Fortunately, the general policy of imposing a complaint-tax on really bad epistemics does not require me to accurately judge the overall value of the proposal.)
I’m all for improving the details. Which part of the framing seems focused on persuasion vs. “fast, effective communication”? How would you formalize “fast, effective communication” in a gradeable sense? (Persuasion seems gradeable via “we used this argument on X people; how seriously they took AI risk increased from A to B on a 5-point scale”.)
Maybe you could measure how effectively people pass e.g. a multiple choice version of an Intellectual Turing Test (on how well they can emulate the viewpoint of people concerned by AI safety) after hearing the proposed explanations.
[Edit: To be explicit, this would help further John’s goals (as I understand them) because it ideally tests whether the AI safety viewpoint is being communicated in such a way that people can understand and operate the underlying mental models. This is better than testing how persuasive the arguments are because it’s a) more in line with general principles of epistemic virtue and b) is more likely to persuade people iff the specific mental models underlying AI safety concern are correct.

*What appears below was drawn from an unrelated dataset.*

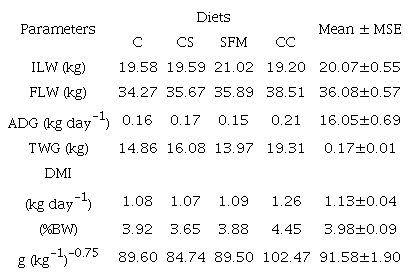 Diets were provided ad libitum, representing 4.5% of body weight as a complete blend. Animals were fed twice per day, in equal portions, at 7:00 am and 3:00 pm, admitting 20% of leftovers. The total quantity of feed supplied was adjusted daily, based on the amount of leftovers from the previous day to provide voluntary intake. A trial period of 106 days was established, with 14 days of adaptation to the experimental conditions (diet and management). Animals were identified and dewormed during the adaptation period. The dry matter consumption and performance data are presented in Table 2.

One potential issue would be people bouncing off the arguments early and never getting around to building their own mental models, so maybe you could test for succinct/high-level arguments that successfully persuade target audiences to take a deeper dive into the specifics? That seems like a much less concerning persuasion target to optimize, since the worst case is people being wrongly persuaded to “waste” time thinking about the same stuff the LW community has been spending a ton of time thinking about for the last ~20 years]
This comment thread did convince me to put it on personal blog (previously we’ve frontpaged writing-contents and went ahead and unreflectively did it for this post)

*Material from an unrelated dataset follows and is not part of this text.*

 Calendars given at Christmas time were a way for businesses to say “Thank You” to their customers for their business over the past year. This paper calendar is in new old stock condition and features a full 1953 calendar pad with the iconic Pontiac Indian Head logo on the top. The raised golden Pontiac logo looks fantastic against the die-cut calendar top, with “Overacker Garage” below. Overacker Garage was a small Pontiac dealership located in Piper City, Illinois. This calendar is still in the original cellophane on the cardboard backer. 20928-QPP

Frontpage posts must meet the criteria of being broadly relevant to LessWrong’s main interests; timeless, i.e. not about recent events; and are attempts to explain not persuade.
Technically the contest is asking for attempts to persuade not explain, rather than itself attempting to persuade not explain, but the principle obviously applies.
As with my own comment, I don’t think keeping the post off the frontpage is meant to be a judgement that the contest is net-negative in value; it may still be very net positive. It makes sense to have standard rules which create downsides for bad epistemics, and if some bad epistemics are worthwhile anyway, then people can pay the price of those downsides and move forward.
Raemon and I discussed whether it should be frontpage this morning. Prizes are kind of an edge case in my mind. They don’t properly fulfill the frontpage criteria but also it feels like they deserve visibility in a way that posts on niche topics don’t, so we’ve more than once made an exception for them.
I didn’t think too hard about the epistemics of the post when I made the decision to frontpage, but after John pointed out the suss epistemics, I’m inclined to agree, and concurred with Raemon moving it back to Personal.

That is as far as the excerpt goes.